Work order —
Starting from the top of the entries below and ending with the line containing "conditinoing capacity to", restate every line word for word, pictures omitted.

Data items

• • •

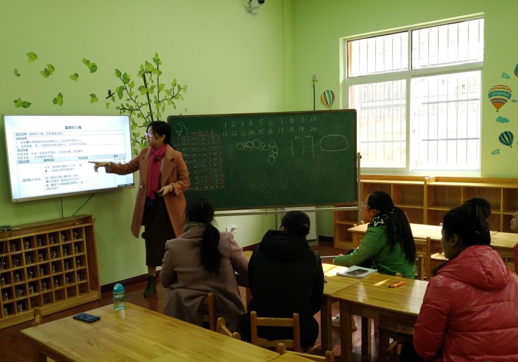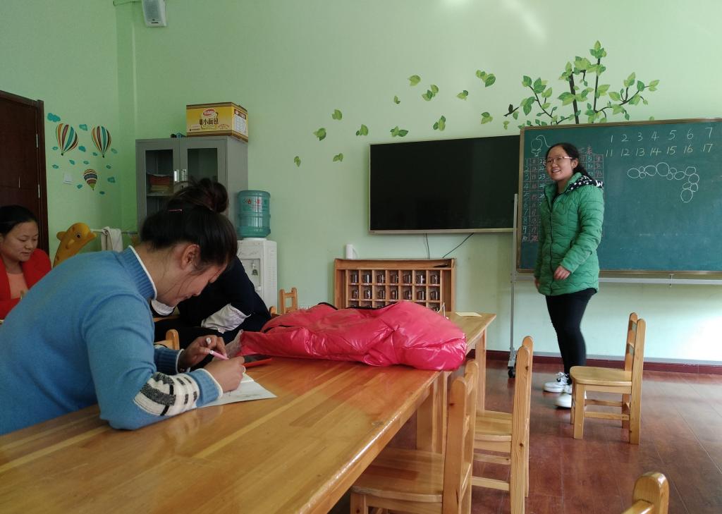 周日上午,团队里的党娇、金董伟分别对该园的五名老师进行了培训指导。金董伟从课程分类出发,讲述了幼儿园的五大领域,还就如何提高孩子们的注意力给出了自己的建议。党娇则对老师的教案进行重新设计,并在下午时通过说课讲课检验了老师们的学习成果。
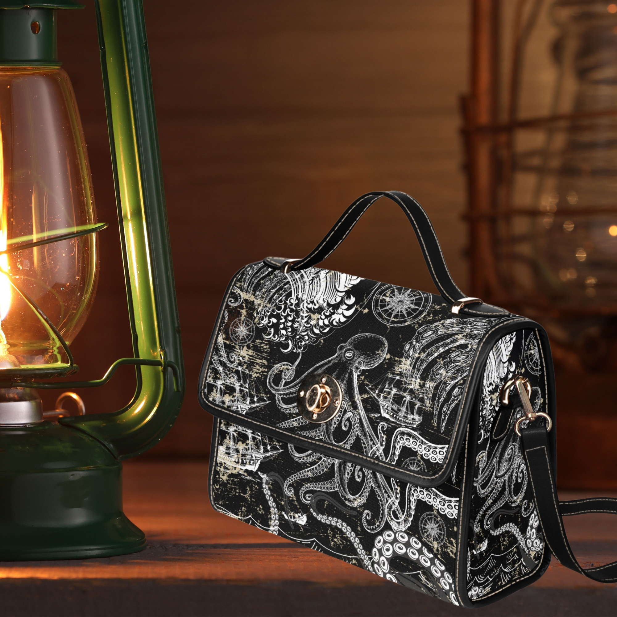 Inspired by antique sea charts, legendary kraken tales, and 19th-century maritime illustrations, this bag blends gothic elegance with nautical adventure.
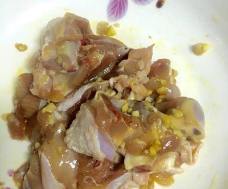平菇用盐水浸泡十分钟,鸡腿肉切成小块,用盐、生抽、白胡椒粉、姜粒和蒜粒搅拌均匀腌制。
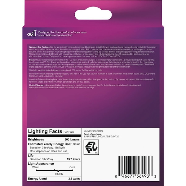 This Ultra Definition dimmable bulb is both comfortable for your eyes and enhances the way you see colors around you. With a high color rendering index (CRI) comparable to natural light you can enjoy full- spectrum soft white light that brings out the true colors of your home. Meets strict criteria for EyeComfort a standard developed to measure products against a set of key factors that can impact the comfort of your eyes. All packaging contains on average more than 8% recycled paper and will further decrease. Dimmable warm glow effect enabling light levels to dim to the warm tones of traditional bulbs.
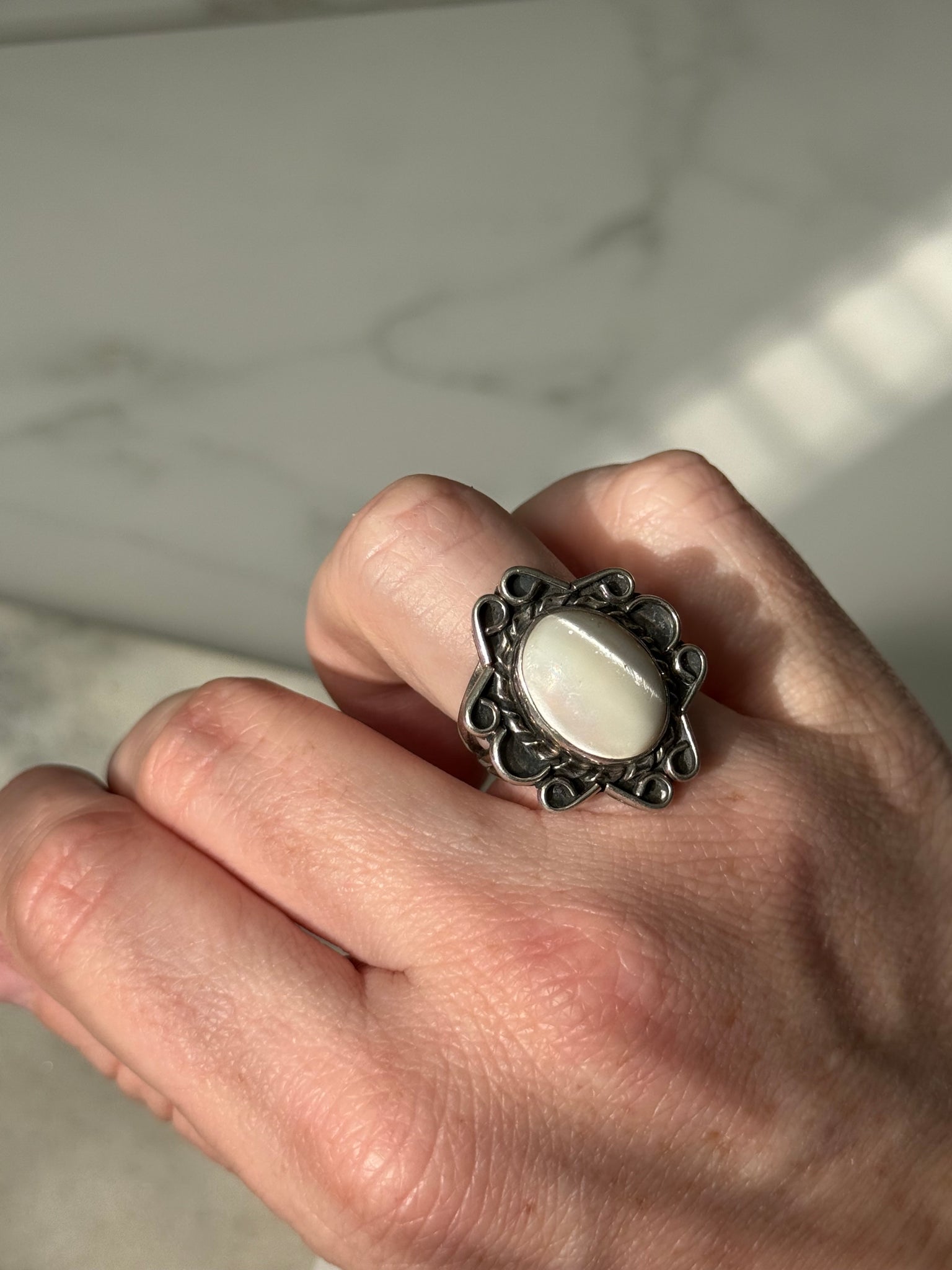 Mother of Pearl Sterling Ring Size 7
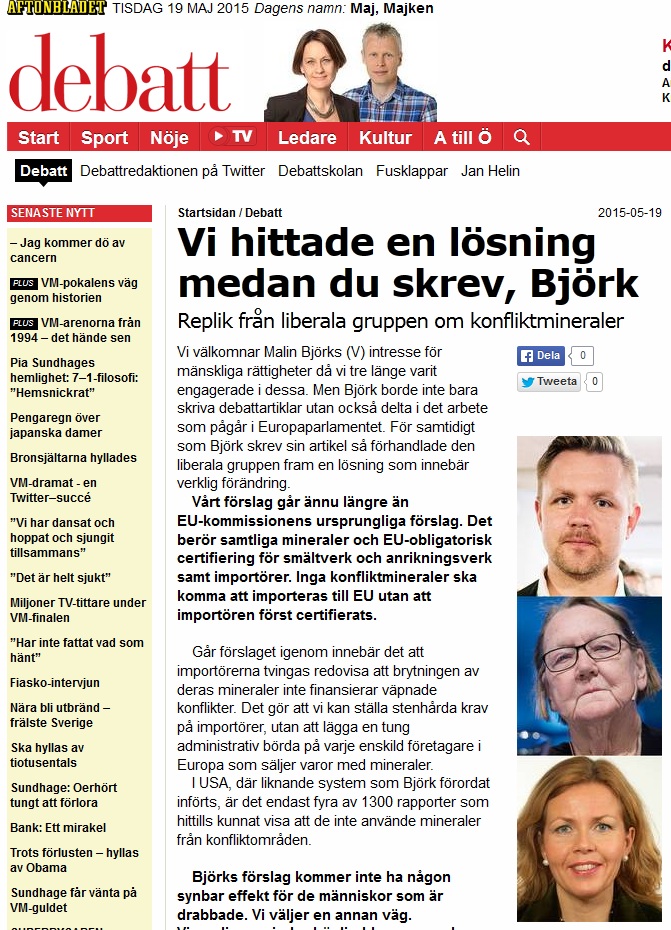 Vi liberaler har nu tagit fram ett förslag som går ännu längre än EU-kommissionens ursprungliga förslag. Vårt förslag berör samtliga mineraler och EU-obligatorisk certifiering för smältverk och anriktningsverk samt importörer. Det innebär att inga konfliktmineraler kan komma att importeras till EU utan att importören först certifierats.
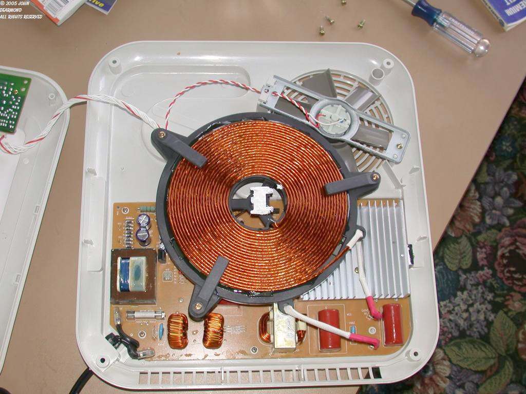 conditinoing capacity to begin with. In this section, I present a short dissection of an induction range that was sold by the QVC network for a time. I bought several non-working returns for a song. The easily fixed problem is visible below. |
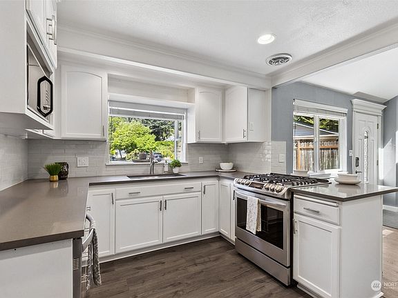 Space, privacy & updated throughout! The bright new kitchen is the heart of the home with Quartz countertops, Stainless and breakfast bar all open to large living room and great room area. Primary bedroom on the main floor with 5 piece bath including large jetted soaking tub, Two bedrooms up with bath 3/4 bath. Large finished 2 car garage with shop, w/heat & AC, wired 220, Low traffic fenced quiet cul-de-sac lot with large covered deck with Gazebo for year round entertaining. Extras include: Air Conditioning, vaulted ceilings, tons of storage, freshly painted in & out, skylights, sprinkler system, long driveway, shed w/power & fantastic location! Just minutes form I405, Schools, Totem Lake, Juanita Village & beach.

• • •

Answer to the problem —
 周日上午,团队里的党娇、金董伟分别对该园的五名老师进行了培训指导。金董伟从课程分类出发,讲述了幼儿园的五大领域,还就如何提高孩子们的注意力给出了自己的建议。党娇则对老师的教案进行重新设计,并在下午时通过说课讲课检验了老师们的学习成果。
 Inspired by antique sea charts, legendary kraken tales, and 19th-century maritime illustrations, this bag blends gothic elegance with nautical adventure.
平菇用盐水浸泡十分钟,鸡腿肉切成小块,用盐、生抽、白胡椒粉、姜粒和蒜粒搅拌均匀腌制。
 This Ultra Definition dimmable bulb is both comfortable for your eyes and enhances the way you see colors around you. With a high color rendering index (CRI) comparable to natural light you can enjoy full- spectrum soft white light that brings out the true colors of your home. Meets strict criteria for EyeComfort a standard developed to measure products against a set of key factors that can impact the comfort of your eyes. All packaging contains on average more than 8% recycled paper and will further decrease. Dimmable warm glow effect enabling light levels to dim to the warm tones of traditional bulbs.
 Mother of Pearl Sterling Ring Size 7
 Vi liberaler har nu tagit fram ett förslag som går ännu längre än EU-kommissionens ursprungliga förslag. Vårt förslag berör samtliga mineraler och EU-obligatorisk certifiering för smältverk och anriktningsverk samt importörer. Det innebär att inga konfliktmineraler kan komma att importeras till EU utan att importören först certifierats.
 conditinoing capacity to begin with. In this section, I present a short dissection of an induction range that was sold by the QVC network for a time. I bought several non-working returns for a song. The easily fixed problem is visible below. |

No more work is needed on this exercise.